Il faudra attendre les années 2000 pour que les horloges atomiques progressent de manière notable. Les nouveaux modèles exploitent des éléments comme le strontium ou l’ytterbium, qui oscillent 50 000 fois plus rapidement que le césium. Parce qu’ils permettent de diviser la seconde en de plus petites fractions, ils sont bien plus précis. Leur fréquence d’oscillation est proche de celle de la lumière visible, et on peut donc la mesurer avec un laser. C’est pourquoi on appelle ces instruments «horloges optiques».

Les horloges atomiques ne font que mesurer une moyenne. Au cœur du dispositif, les quelques dizaines ou centaines d’atomes sont comme autant de petites horloges indépendantes qui n’oscillent pas en même temps. «C’est comme jouer à pile ou face quelques centaines de fois par seconde, explique Simone Colombo. Avec autant de tirages, la moyenne sera pratiquement à 50% de up et de down. Mais parce qu’il s’agit quand même d’une moyenne, il restera toujours une incertitude.»

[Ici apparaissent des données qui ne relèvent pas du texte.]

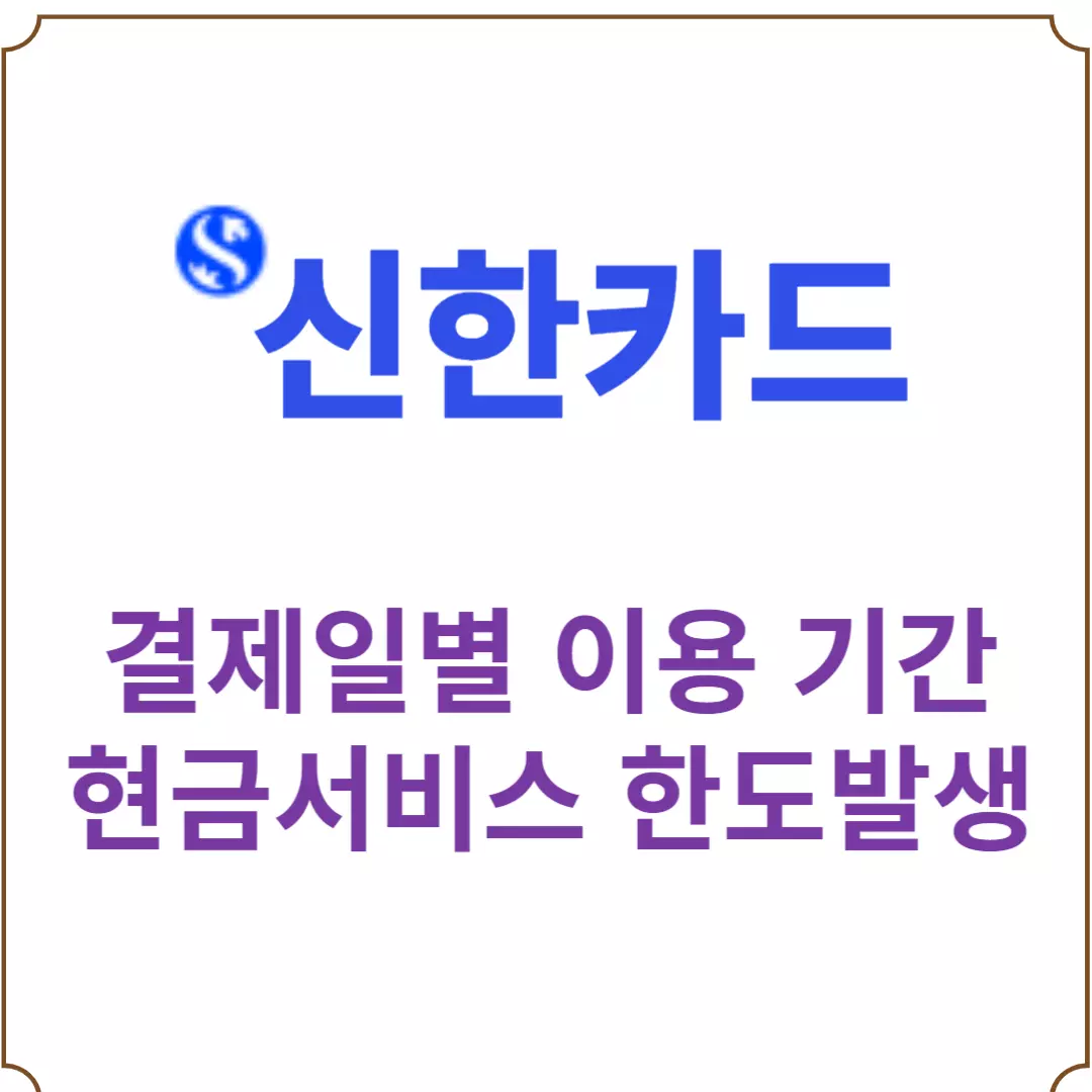 신한카드의 결제일별 이용기간을 개인카드와 법인카드를 구분해서 알아봤습니다. 내용을 확인하시어 계획적인 카드 사용이 되셨으면 합니다. 또한 현금서비스 한도발생일에 대해서도 체크하시어 이용에 착오가 없으시길 바랍니다.

C’est ici que l’intrication quantique entre en jeu. Dans l’horloge atomique conçue par Simone Colombo et son équipe, les atomes d’ytterbium sont intriqués artificiellement, selon une procédure complexe appelée «spin squeezing». Ils oscillent donc en même temps, comme des centaines de pendules au tic-tac synchronisé. L’intrication n’est pas encore parfaite, mais l’incertitude est pratiquement éliminée.

Au-delà de la mesure du temps Ce procédé permet un impressionnant gain de précision. L’horloge au césium standard dérive d’une seconde tous les 150 millions d’années; l’horloge optique dévie d’une seconde tous les 15 milliards d’années, plus que l’âge de l’Univers. Avec l’intrication quantique, ce chiffre pourrait atteindre les 15 billions d’années – l’actuel prototype du groupe de Colombo atteint déjà les 150 milliards d’années!

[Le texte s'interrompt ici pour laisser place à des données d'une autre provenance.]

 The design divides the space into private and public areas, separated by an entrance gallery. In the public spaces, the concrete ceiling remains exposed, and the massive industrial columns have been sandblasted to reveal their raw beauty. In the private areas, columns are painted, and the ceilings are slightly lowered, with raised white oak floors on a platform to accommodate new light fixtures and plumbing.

Ces gains de précision peuvent sembler dérisoires, mais ils ouvrent de nombreuses possibilités. En astrophysique, l’horloge intriquée permettrait de détecter beaucoup plus facilement les ondes gravitationnelles, et donc de débusquer plus de phénomènes dans notre Univers; la géolocalisation par satellite, de type GPS, pourrait atteindre une précision de l’ordre du centimètre, voire du millimètre; les horloges intriquées permettraient même de cartographier les entrailles de notre planète en mesurant d’infimes variations locales de l’écoulement du temps.

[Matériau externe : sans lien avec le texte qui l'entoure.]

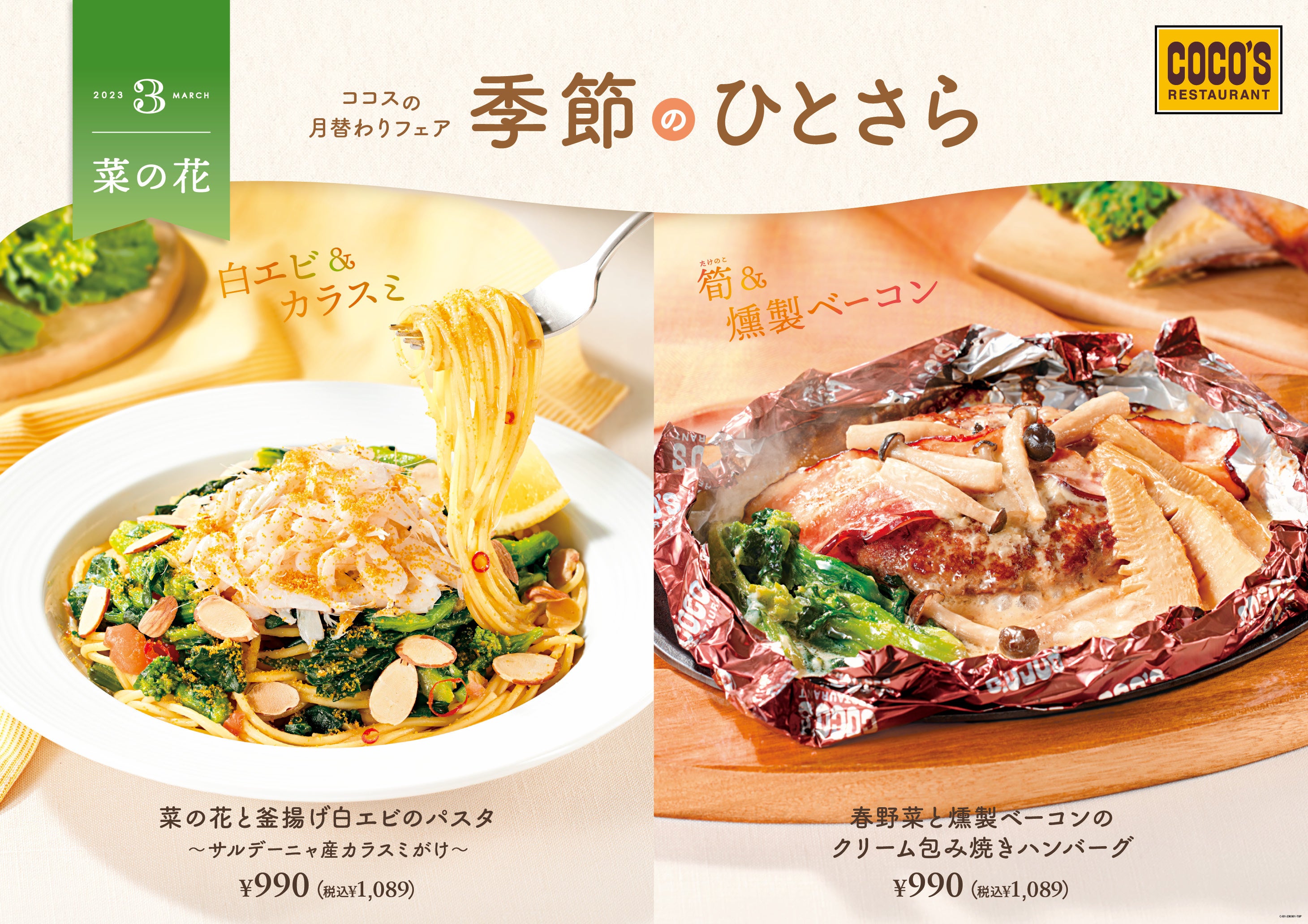 株式会社ココスジャパン(代表取締役社長:一木 直哉 本社:東京都港区)が全国に展開するファミリーレストラン「ココス」では3月1日(水)より、季節の食材“菜の花”を味わえる月替わりフェア「季節のひとさら~3月~」を開催します。

L’intrication quantique reste cependant fragile et techniquement complexe à réaliser, explique Jun Ye, physicien au National Institute of Standards and Technology, institution gardienne des unités de mesure aux Etats-Unis. Selon cet expert en horloges optiques, qui n’a pas participé au projet, ces travaux démontrent la faisabilité de l’approche en principe: «Notre groupe se tient activement informé de ces avancées, et nous sommes en train d’incorporer l’intrication dans une horloge optique de dernière génération.»

Lionel Pousaz est journaliste scientifique à Boston.